Below are the records; give again exactly the lines from the one containing "Serve the apple" through the one containing "সিলেট নগরীর দি", leaving out pictures.

Dataset excerpts
--------------------

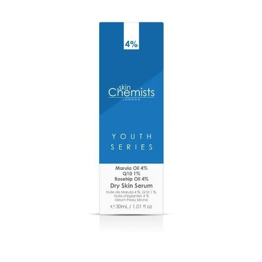 Treat your dry, dehydrated skin with skinChemists Dry Skin Serum, containing Marulua Oil 4%, Q10 1%, and Rosehip Oil 4%.
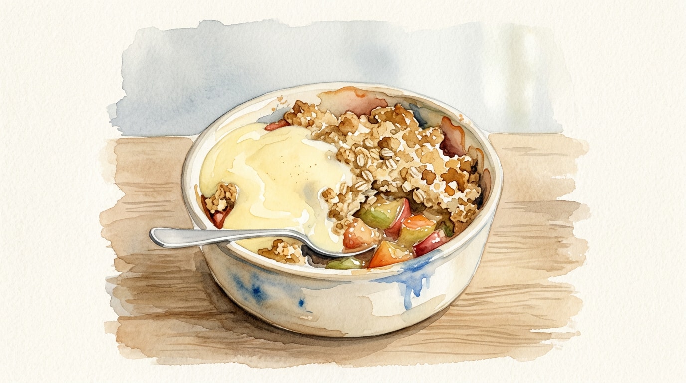 Serve the apple crumble warm in bowls, pouring a generous ladle of the hot vanilla custard over the crispy topping.
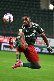Российская Премьер-Лига (РПЛ). Тинькофф - Чемпионат России по футболу 2021/2022. 28-й тур. Матч между командами "Локомотив" (Москва) – "Рубин" (Казань) на стадионе "РЖД Арена". Игрок команды "Локомотив" Джирано Керк во время матча.
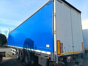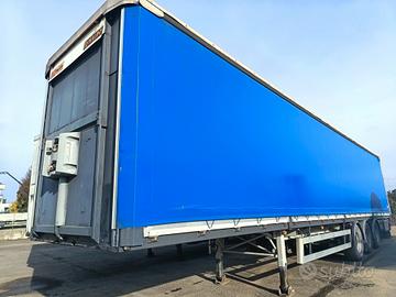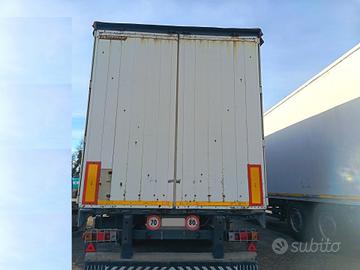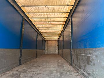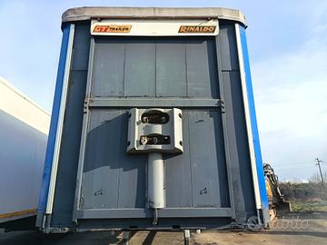 Semirimorchio Rinaldo 3 assi, anno 2002, PTT 36.800 kg, portata utile 29.440 kg, sospensioni pneumatiche, primo asse virtuale, teloni laterali scorrevoli, tetto copri/scopri, porte posteriori in lega, sponde in lega leggera H 800 mm.
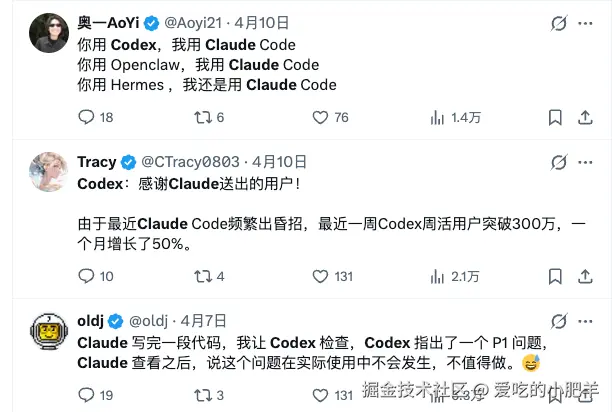 反正程序员已经用脚投票好了,打开 X 搜一下 "switched from Claude to Codex",那叫一个壮观,每天都有几十条告别信体的帖子:
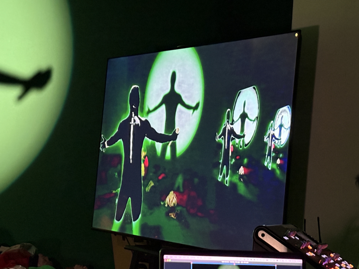 이 둘이 하나로 묶이는 지점이 곧 〈그린 폴터가이스트〉의 변용에 대한 열망과 모방, 재현과 그 한계의 차원이 거울 쌍을 이루고 있음을 보여준다. 분명함과 불완전함은 각각 유연함과 불확실성의 차원과 맞물리며 초록 무대에서 바뀌는 건 실은 없다. 크로마키 의상에 누끼만큼 깎여 나가지만, 그 대비로부터 드러나는 건 실재의 깎여 나가지 않은 초라함이다. 따라서 〈그린 폴터가이스트〉가 이미지의 실제적 힘에 기초해 무언가를 새로 쓰는 건 없다. 곧 변용의 전 단계로서 그 미완성의 세계가 실재의 흔적임을 보여주는 지점에 〈그린 폴터가이스트〉가 머문다.
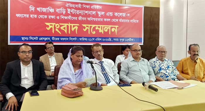 সিলেট নগরীর দি খাজাঞ্চি বাড়ি ইন্টারন্যাশনাল স্কুল এন্ড কলেজে প্রশাসনিক স্বেচ্ছাচারিতা, গঠনতন্ত্র লঙ্ঘন, শিক্ষক সংকট ও শিক্ষা কার্যক্রম ভেঙে পড়ার অভিযোগ তুলে সংবাদ সম্মেলন করেছেন সচেতন অভিভাবক ও শিক্ষানুরাগীরা। তারা অবিলম্বে ৭ দফা দাবি বাস্তবায়নের আহ্বান জানিয়েছেন।
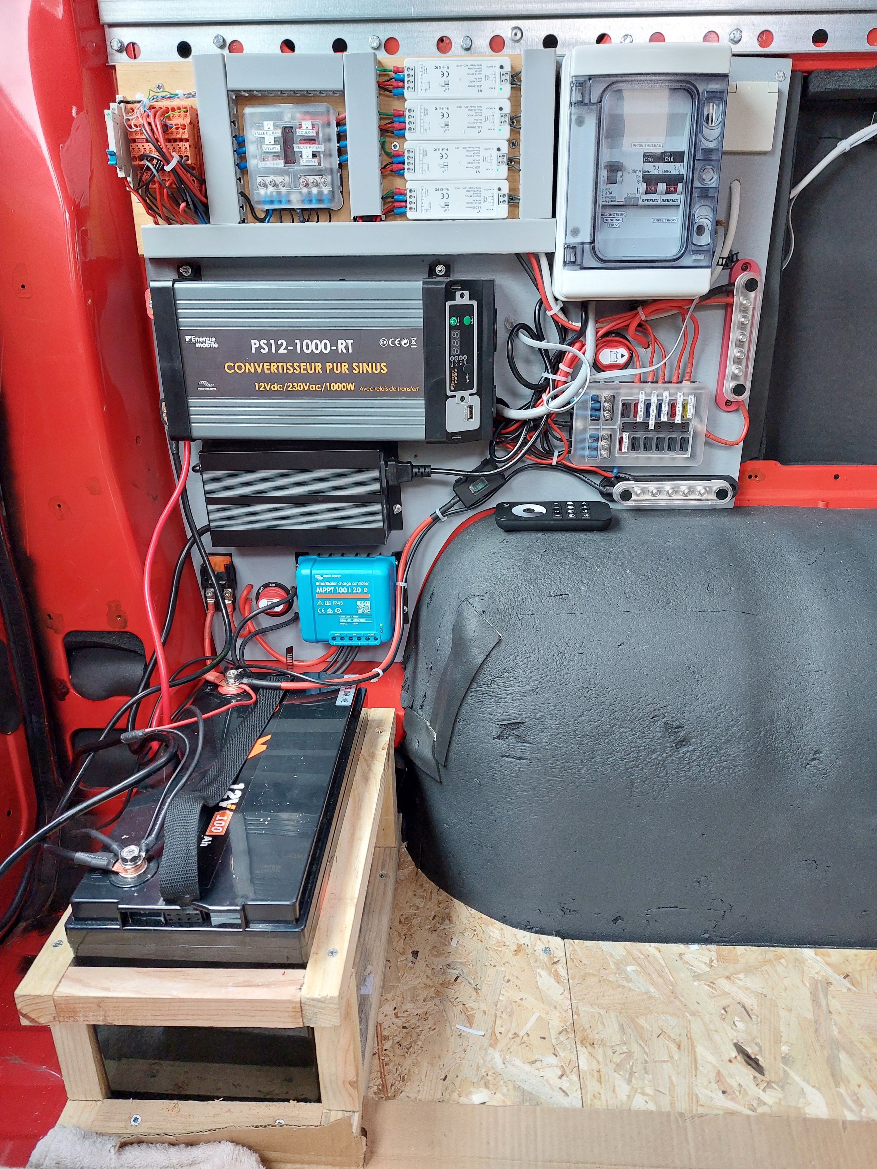 Comme promis voici une photo de mon installation électrique avec notamment la partie éclairage. Le tout est alimenté par un panneau Victron de 305 Watts, une alimentation 220 V avec son chargeur et pour le véhicule je devais monter un Cyrix de chez Victron pour lequel je t’avais demandé conseil mais j’ai préféré commandé un Smart Orion de chez Victron pour plus d’efficacitè. Pour compléter cette installation j’ai également un convertisseur 12V/220V car je veux le minimum de gaz dans le véhicule, uniquement pour la plaque de cuisson.
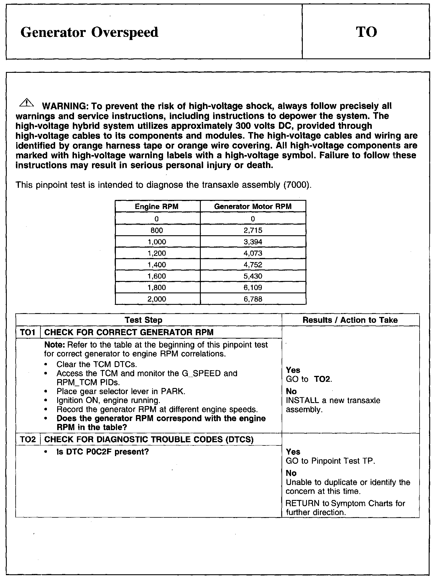 Test TO: Generator Overspeed
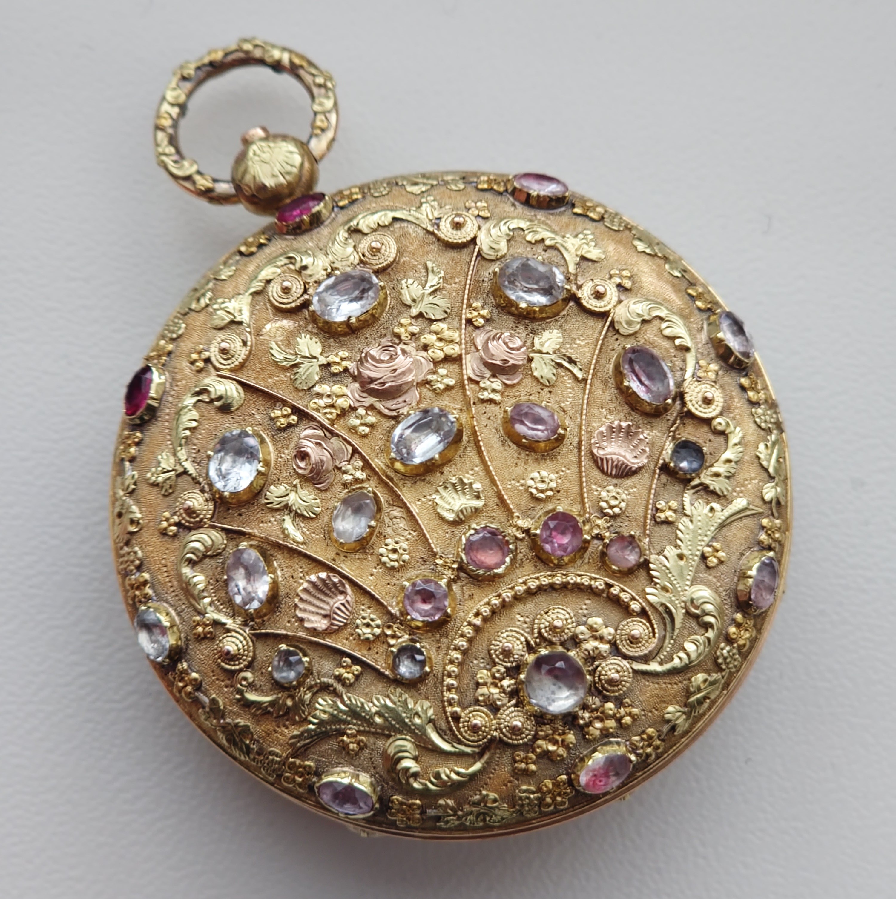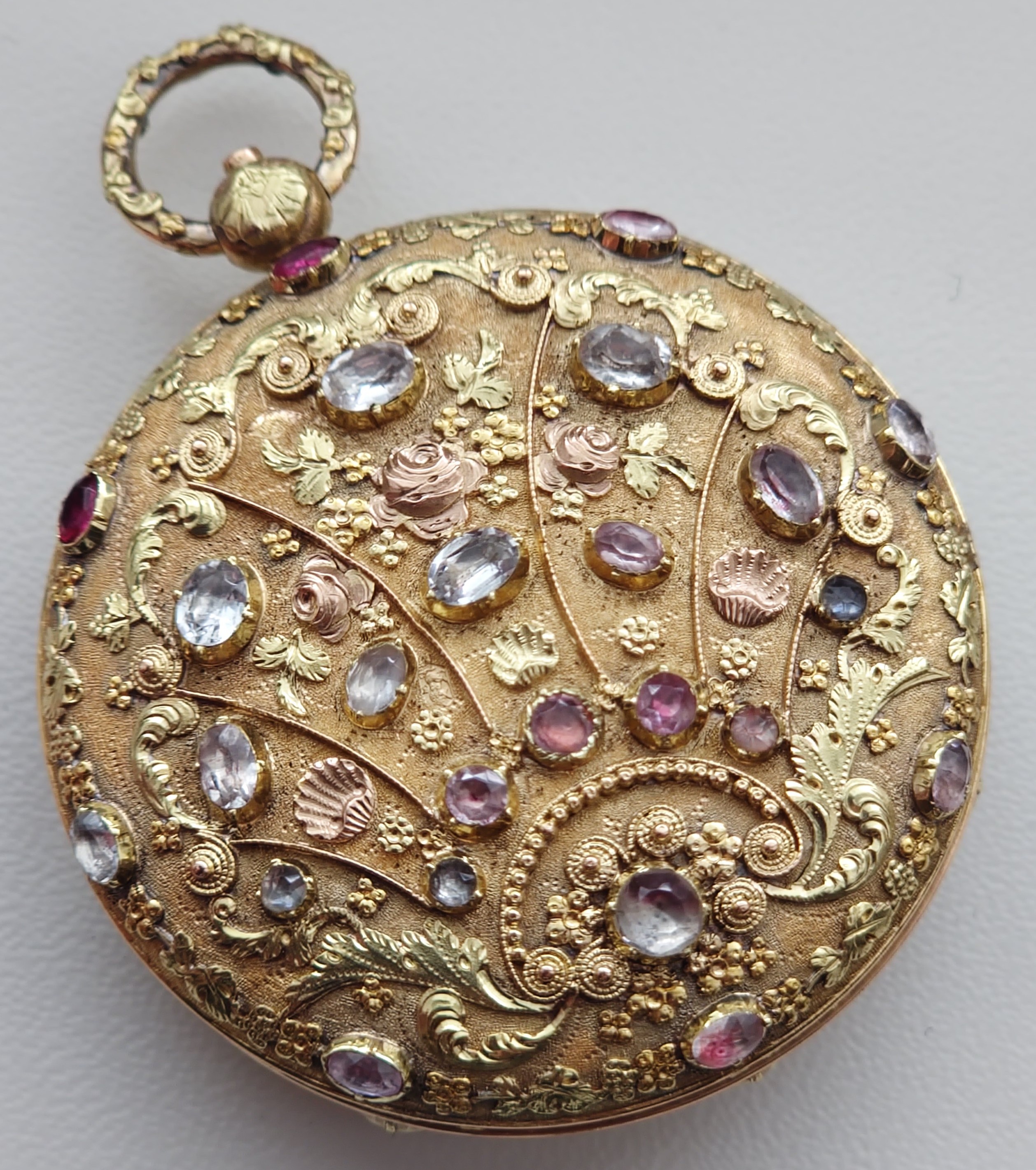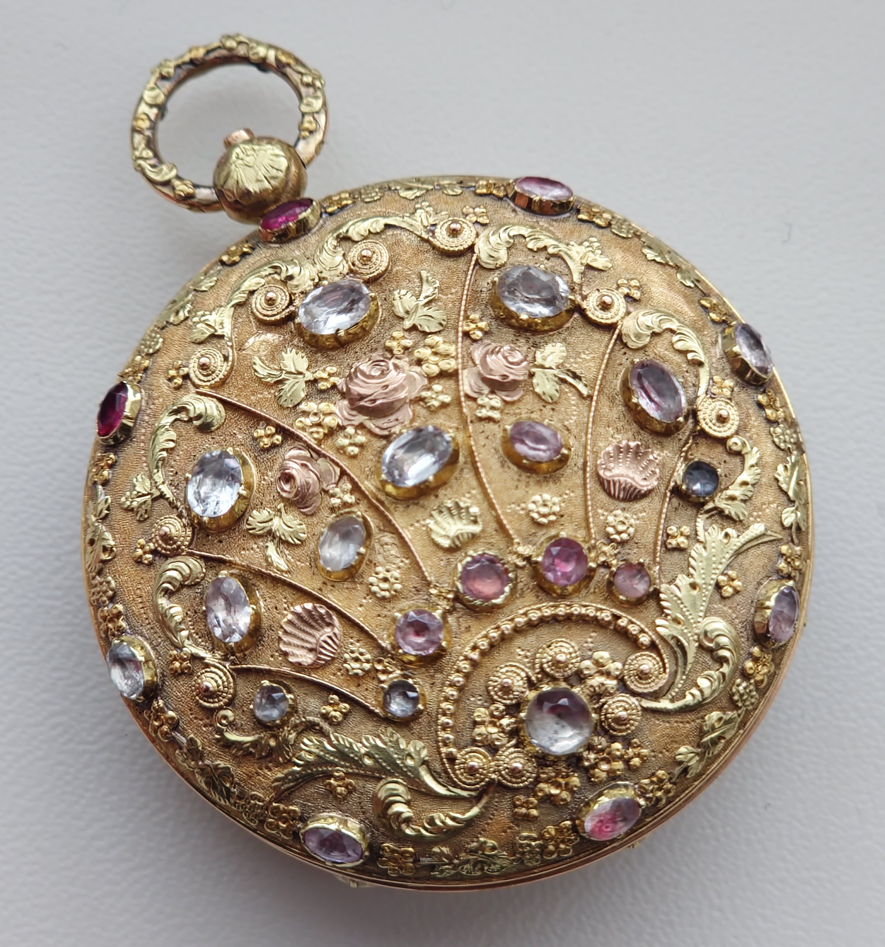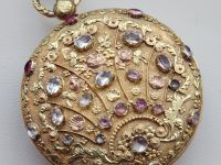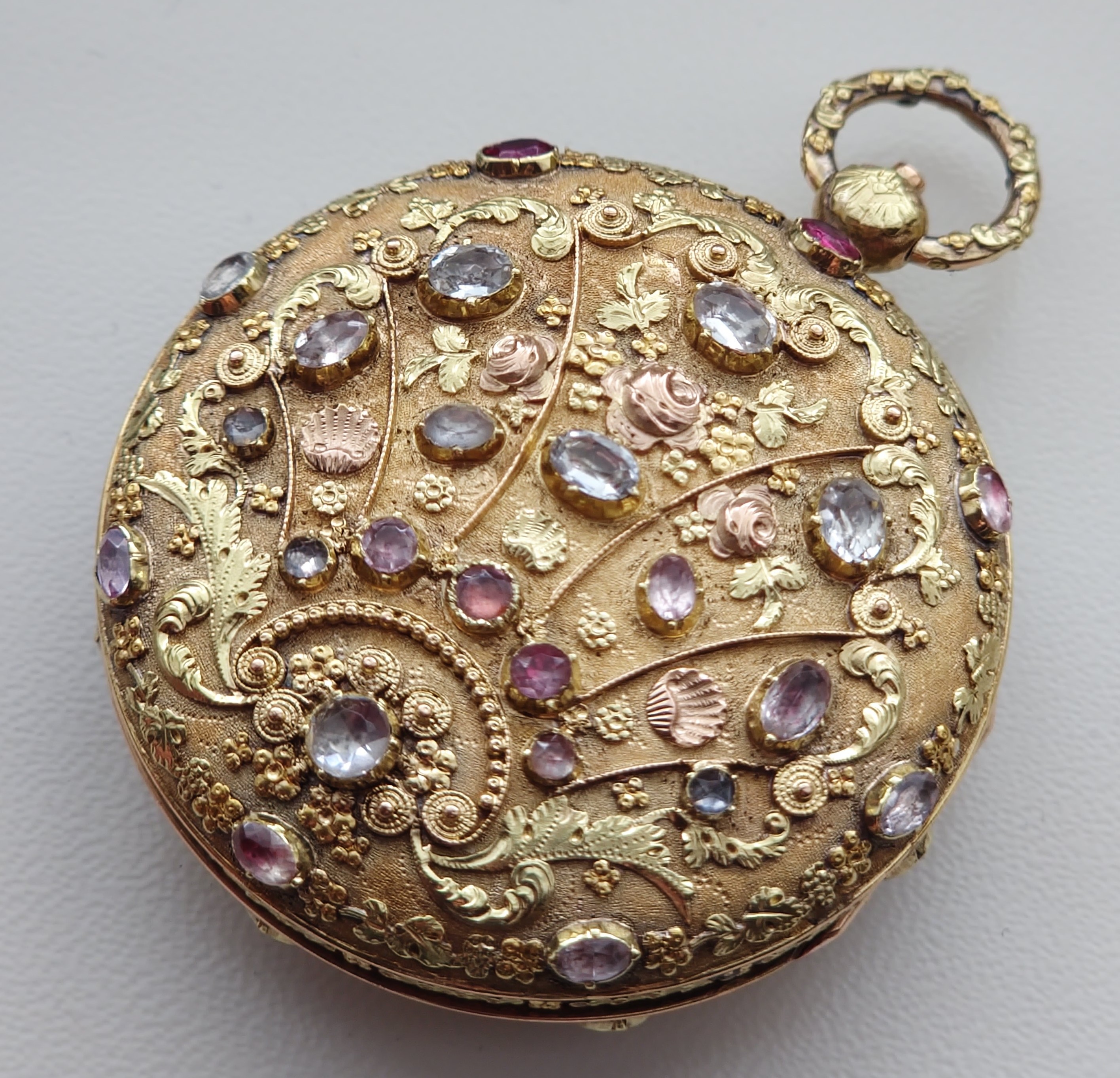 Pouzdro z dvoubarevného zlata, zdobené cizelováním, granulací a osazením kameny.

--------------------

**Answer for the task**
 Serve the apple crumble warm in bowls, pouring a generous ladle of the hot vanilla custard over the crispy topping.
Российская Премьер-Лига (РПЛ). Тинькофф - Чемпионат России по футболу 2021/2022. 28-й тур. Матч между командами "Локомотив" (Москва) – "Рубин" (Казань) на стадионе "РЖД Арена". Игрок команды "Локомотив" Джирано Керк во время матча.
 Semirimorchio Rinaldo 3 assi, anno 2002, PTT 36.800 kg, portata utile 29.440 kg, sospensioni pneumatiche, primo asse virtuale, teloni laterali scorrevoli, tetto copri/scopri, porte posteriori in lega, sponde in lega leggera H 800 mm.
 反正程序员已经用脚投票好了,打开 X 搜一下 "switched from Claude to Codex",那叫一个壮观,每天都有几十条告别信体的帖子:
 이 둘이 하나로 묶이는 지점이 곧 〈그린 폴터가이스트〉의 변용에 대한 열망과 모방, 재현과 그 한계의 차원이 거울 쌍을 이루고 있음을 보여준다. 분명함과 불완전함은 각각 유연함과 불확실성의 차원과 맞물리며 초록 무대에서 바뀌는 건 실은 없다. 크로마키 의상에 누끼만큼 깎여 나가지만, 그 대비로부터 드러나는 건 실재의 깎여 나가지 않은 초라함이다. 따라서 〈그린 폴터가이스트〉가 이미지의 실제적 힘에 기초해 무언가를 새로 쓰는 건 없다. 곧 변용의 전 단계로서 그 미완성의 세계가 실재의 흔적임을 보여주는 지점에 〈그린 폴터가이스트〉가 머문다.
 সিলেট নগরীর দি খাজাঞ্চি বাড়ি ইন্টারন্যাশনাল স্কুল এন্ড কলেজে প্রশাসনিক স্বেচ্ছাচারিতা, গঠনতন্ত্র লঙ্ঘন, শিক্ষক সংকট ও শিক্ষা কার্যক্রম ভেঙে পড়ার অভিযোগ তুলে সংবাদ সম্মেলন করেছেন সচেতন অভিভাবক ও শিক্ষানুরাগীরা। তারা অবিলম্বে ৭ দফা দাবি বাস্তবায়নের আহ্বান জানিয়েছেন।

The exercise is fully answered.